Assigned task —
Once the line containing "中外小朋友開心迎接奧運火炬" is found, copy it and each subsequent line exactly. Stop at the end of the records below.

(Records from a data source)
□ □ □ □

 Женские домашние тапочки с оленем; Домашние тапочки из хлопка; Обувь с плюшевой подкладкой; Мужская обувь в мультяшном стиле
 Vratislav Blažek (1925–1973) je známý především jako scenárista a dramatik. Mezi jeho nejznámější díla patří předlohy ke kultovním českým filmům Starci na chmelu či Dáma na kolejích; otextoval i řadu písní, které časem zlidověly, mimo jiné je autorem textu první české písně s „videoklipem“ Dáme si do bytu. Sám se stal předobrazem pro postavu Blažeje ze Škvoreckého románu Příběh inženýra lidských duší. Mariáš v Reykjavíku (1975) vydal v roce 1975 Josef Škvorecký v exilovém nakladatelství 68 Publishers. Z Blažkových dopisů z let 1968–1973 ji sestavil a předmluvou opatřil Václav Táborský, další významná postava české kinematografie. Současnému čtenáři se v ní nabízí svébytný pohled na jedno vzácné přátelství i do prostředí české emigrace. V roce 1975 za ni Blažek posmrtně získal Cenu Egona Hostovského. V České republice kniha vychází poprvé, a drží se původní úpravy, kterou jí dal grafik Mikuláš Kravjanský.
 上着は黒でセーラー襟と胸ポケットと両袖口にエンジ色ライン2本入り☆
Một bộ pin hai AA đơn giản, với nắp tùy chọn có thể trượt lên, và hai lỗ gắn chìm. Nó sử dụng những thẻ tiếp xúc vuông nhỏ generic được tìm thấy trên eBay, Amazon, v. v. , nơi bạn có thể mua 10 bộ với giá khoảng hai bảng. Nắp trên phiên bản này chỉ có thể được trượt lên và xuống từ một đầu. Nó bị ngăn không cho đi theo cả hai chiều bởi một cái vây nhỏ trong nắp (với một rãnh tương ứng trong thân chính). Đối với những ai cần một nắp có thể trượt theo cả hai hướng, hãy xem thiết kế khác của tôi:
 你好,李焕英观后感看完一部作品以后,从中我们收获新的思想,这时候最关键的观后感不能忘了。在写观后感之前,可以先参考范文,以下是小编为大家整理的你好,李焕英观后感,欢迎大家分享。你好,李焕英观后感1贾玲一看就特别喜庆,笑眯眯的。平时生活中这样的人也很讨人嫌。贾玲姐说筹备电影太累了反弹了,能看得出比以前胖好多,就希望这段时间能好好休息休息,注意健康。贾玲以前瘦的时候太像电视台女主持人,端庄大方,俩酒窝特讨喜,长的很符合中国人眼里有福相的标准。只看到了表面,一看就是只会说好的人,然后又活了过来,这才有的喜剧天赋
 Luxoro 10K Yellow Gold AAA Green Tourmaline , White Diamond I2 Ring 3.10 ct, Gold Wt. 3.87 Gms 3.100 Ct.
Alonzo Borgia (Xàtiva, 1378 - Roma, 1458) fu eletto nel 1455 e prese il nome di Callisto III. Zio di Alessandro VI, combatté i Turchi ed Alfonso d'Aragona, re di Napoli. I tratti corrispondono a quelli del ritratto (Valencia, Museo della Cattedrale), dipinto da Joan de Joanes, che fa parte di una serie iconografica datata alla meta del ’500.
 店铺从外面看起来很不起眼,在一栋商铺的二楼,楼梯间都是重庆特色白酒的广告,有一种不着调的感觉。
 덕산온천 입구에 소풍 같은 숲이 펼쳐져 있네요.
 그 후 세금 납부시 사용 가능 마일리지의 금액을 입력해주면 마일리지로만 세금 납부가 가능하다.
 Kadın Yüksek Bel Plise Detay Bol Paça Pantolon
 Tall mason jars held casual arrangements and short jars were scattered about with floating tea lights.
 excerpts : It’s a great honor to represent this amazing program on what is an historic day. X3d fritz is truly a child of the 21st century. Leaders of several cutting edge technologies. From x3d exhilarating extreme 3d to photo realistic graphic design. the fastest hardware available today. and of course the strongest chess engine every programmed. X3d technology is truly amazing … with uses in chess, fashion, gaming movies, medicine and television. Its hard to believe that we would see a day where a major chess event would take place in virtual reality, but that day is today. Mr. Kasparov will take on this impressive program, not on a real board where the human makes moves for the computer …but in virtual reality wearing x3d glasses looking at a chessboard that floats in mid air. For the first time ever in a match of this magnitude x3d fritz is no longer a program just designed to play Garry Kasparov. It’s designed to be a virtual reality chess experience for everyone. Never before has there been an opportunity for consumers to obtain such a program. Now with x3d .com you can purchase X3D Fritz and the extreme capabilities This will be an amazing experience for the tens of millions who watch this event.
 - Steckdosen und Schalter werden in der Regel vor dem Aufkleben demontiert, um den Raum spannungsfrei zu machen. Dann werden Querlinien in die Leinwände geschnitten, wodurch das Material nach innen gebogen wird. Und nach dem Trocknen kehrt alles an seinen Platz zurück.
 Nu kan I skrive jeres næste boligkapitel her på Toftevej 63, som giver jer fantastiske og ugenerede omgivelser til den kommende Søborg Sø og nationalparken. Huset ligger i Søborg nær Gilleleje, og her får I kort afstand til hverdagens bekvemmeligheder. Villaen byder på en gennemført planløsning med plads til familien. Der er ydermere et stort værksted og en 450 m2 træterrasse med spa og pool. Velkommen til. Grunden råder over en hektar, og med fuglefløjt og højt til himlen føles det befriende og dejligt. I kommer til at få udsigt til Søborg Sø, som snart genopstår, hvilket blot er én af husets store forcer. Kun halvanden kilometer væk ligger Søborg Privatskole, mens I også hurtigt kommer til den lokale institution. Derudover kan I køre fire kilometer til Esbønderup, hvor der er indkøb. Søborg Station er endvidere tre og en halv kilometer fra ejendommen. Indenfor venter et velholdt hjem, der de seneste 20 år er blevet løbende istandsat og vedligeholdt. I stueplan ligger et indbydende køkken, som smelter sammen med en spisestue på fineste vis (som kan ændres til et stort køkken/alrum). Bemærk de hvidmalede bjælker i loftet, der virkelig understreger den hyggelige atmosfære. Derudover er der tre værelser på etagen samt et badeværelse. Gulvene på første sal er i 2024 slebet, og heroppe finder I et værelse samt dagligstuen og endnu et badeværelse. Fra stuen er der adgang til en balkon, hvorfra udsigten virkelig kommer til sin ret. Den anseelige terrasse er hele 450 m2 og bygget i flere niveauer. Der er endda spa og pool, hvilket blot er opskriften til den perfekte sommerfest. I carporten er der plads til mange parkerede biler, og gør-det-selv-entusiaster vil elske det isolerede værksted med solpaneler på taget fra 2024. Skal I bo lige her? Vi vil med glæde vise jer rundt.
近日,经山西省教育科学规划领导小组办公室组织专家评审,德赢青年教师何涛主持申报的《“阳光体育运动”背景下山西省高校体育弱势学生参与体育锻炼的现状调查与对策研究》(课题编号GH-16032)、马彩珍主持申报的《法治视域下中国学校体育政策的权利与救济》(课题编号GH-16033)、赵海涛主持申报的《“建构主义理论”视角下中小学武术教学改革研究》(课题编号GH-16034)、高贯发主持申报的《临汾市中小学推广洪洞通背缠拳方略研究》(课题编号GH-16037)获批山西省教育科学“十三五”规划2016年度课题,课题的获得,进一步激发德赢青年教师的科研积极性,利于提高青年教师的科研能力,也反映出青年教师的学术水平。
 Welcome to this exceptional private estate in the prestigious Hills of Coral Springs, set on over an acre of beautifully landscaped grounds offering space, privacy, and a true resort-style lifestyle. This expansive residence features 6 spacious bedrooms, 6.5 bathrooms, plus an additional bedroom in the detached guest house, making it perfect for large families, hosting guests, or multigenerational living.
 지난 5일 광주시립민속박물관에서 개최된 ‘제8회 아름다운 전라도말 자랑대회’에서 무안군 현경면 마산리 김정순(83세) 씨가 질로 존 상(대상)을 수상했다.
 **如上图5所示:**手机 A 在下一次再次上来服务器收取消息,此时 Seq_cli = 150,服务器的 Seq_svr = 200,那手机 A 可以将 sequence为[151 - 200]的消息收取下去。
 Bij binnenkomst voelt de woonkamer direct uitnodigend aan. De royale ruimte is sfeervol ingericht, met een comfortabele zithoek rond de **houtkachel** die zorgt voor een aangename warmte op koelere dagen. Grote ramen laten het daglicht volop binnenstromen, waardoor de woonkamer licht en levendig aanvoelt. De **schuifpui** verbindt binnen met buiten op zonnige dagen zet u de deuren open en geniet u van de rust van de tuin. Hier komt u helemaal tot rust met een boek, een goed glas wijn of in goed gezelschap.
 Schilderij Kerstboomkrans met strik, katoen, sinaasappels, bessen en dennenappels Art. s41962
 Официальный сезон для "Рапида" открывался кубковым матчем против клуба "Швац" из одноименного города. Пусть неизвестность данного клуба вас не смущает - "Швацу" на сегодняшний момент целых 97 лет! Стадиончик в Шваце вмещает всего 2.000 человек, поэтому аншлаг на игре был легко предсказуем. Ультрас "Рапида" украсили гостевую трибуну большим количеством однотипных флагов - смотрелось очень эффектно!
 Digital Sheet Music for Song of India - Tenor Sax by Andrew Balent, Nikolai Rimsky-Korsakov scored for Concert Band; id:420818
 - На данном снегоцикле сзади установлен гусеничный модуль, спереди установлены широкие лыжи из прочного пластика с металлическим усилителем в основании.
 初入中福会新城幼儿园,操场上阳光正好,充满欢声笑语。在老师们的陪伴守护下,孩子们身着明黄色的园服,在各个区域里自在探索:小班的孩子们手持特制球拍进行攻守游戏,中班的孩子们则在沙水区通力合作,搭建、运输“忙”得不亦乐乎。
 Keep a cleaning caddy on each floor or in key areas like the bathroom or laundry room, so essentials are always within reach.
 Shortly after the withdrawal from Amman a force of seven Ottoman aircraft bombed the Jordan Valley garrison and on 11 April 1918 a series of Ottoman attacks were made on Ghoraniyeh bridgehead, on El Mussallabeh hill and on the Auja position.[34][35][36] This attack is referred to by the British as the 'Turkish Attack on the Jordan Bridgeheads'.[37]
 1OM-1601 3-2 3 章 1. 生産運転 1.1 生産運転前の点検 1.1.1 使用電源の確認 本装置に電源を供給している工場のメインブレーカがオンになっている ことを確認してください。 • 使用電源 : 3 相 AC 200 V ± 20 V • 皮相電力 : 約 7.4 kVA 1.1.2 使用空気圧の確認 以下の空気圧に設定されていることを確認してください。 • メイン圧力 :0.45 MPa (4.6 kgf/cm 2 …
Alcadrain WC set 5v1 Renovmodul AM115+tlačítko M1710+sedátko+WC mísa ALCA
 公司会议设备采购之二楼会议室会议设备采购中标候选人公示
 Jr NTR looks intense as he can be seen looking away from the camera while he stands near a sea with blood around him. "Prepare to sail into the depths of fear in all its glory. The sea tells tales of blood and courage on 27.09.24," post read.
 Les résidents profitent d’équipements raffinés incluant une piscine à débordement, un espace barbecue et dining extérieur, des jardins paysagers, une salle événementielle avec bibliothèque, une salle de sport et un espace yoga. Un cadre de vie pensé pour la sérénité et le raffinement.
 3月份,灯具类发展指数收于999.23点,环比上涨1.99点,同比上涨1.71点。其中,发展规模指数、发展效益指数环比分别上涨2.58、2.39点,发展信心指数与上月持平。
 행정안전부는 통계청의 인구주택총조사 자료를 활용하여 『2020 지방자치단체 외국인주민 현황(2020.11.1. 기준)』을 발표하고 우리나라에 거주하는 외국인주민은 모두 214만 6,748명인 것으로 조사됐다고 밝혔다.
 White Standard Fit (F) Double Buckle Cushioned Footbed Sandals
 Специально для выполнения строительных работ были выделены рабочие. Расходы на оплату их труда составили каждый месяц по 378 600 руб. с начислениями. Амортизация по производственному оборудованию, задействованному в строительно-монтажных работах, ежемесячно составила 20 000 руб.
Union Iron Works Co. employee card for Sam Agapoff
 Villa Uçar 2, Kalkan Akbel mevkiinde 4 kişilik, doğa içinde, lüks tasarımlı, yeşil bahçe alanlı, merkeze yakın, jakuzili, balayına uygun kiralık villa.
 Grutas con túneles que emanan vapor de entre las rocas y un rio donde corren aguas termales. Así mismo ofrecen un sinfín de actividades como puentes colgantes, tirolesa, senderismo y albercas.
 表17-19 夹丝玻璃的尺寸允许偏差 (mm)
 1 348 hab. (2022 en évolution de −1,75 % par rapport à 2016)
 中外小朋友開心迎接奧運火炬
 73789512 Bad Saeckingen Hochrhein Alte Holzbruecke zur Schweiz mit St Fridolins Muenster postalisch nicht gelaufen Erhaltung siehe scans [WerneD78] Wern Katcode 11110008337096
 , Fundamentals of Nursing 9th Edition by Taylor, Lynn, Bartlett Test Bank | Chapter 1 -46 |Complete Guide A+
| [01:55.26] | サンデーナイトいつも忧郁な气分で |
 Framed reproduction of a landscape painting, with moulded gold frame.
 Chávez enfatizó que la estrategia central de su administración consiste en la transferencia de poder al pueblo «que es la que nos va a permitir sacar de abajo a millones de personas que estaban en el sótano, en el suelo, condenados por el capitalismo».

□ □ □ □

Exercise answer —
 中外小朋友開心迎接奧運火炬
 73789512 Bad Saeckingen Hochrhein Alte Holzbruecke zur Schweiz mit St Fridolins Muenster postalisch nicht gelaufen Erhaltung siehe scans [WerneD78] Wern Katcode 11110008337096
 , Fundamentals of Nursing 9th Edition by Taylor, Lynn, Bartlett Test Bank | Chapter 1 -46 |Complete Guide A+
| [01:55.26] | サンデーナイトいつも忧郁な气分で |
 Framed reproduction of a landscape painting, with moulded gold frame.
 Chávez enfatizó que la estrategia central de su administración consiste en la transferencia de poder al pueblo «que es la que nos va a permitir sacar de abajo a millones de personas que estaban en el sótano, en el suelo, condenados por el capitalismo».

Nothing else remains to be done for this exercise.